Normal şartlarda Türkiye’nin iç ile dış politika ve siyasi çeşitliliği hakkında yorum yazmaktan imtina ederim. Ancak bizce Türkiye bütün Türklerin Anavatanıdır ayrıca Türklük 11 haneli bir sayıdan (TC Kimlik Numarası) ibaret değildir.
Bu anlayışla Türkiye’nin NATO’nun Madrid toplantısında sakıncalı bir kaç husus gördüm ve bunlardan bahsetmek istiyorum.
24 Haziran 1948 yılında Sovyet Sosyalist Cumhuriyetler Birliğine (SSCB) karşı kurulan NATO Birliğine 1952’de Türkiye katılmıştır, aynı yılda katılan Yunanistan daha sonra 1974 yılında NATO’dan ayrılmıştı ve ne yazık ki 1980 yılında Türkiye’nin de onay vermesiyle tekrar NATO Birliğine dönüş yaptı.
Türkiye o dönemde onay vermemiş olsaydı bugün Yunanistan’la konjonktür gereği durum çok farklı olacaktı ancak maalesef geçmişte bu hata yüzünden Türkiye Cumhuriyeti devleti Yunanistan’a karşı NATO Birliği ittifak gereğince birçok konuda göz yummak zorunda kaldığını görmekteyim.
Gelelim 28 Haziran Türkiye, Finlandiya, İsveç arasında imzalanan mutabakata.
NATO birliğine katılma talebinde bulunan İsveç ve Finlandiya’ya karşı Türkiye’nin haklı karşı çıkışı kozunu kaybetti endişesi içerisindeyim.
Nitekim İsveç ve Finlandiya, PKK/YPG ve FETO terör örgütlerinin arka bahçesi haline gelmişlerdir.
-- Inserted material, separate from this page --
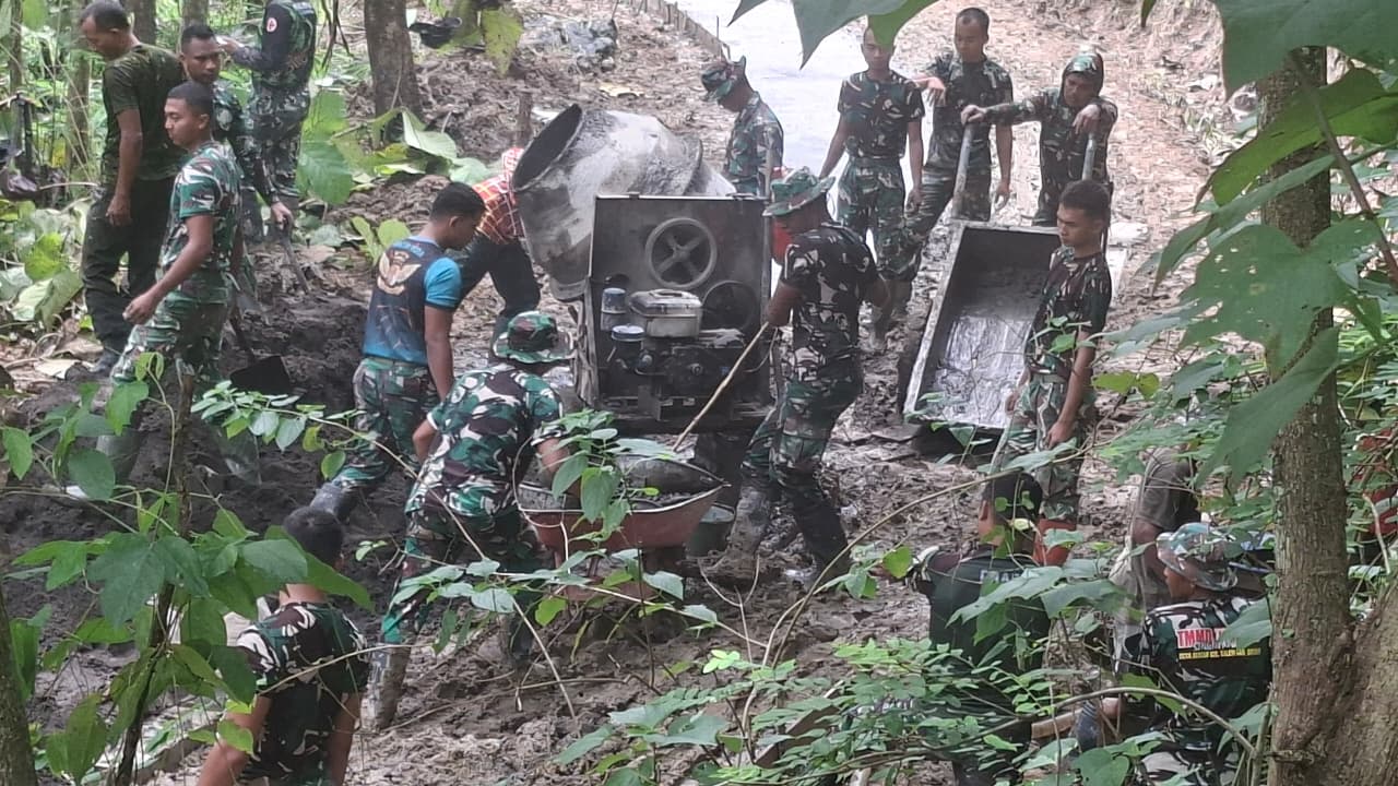 Tantangan alam yang tidak bersahabat, mulai dari tanjakan curam hingga cuaca yang berubah drastis dari panas menyengat ke hujan lebat, tidak mematahkan semangat para personel. Karena lokasi yang sulit dijangkau kendaraan besar, pengangkutan material bangunan terpaksa dilakukan secara manual oleh para prajurit di lapangan.

Bugün imzalanan bu mutabakata her ne kader terörist iade etme taahhütte bulunsalar da iyi niyet göstergesi olarak öncelikle istenen teröristlerin en azından bir kısmını iade etmelerinden sonra imzalanması gerektiğini düşünüyorum.
Ayrıca bu mutabakat sonrasında NATO’nun diğer ülkeleri tarafından oldu bittiye getirerek mümkün olan en kısa süre içerisinde parlamentolarında söz konusu iki ülkenin katılım isteğini onaylayarak Türkiye’ye mutabakatı da gerekçe göstererek onaylaması için baskı yapacaklarını ön görüyorum.
Dilerim 1980’de Yunanistan’ın NATO’ya tekrar katılmasına onay vererek yapılan hatanın benzerini tekrarlamış olmayız.
Allah Türk milletine ve Türk Devletine zeval vermesin.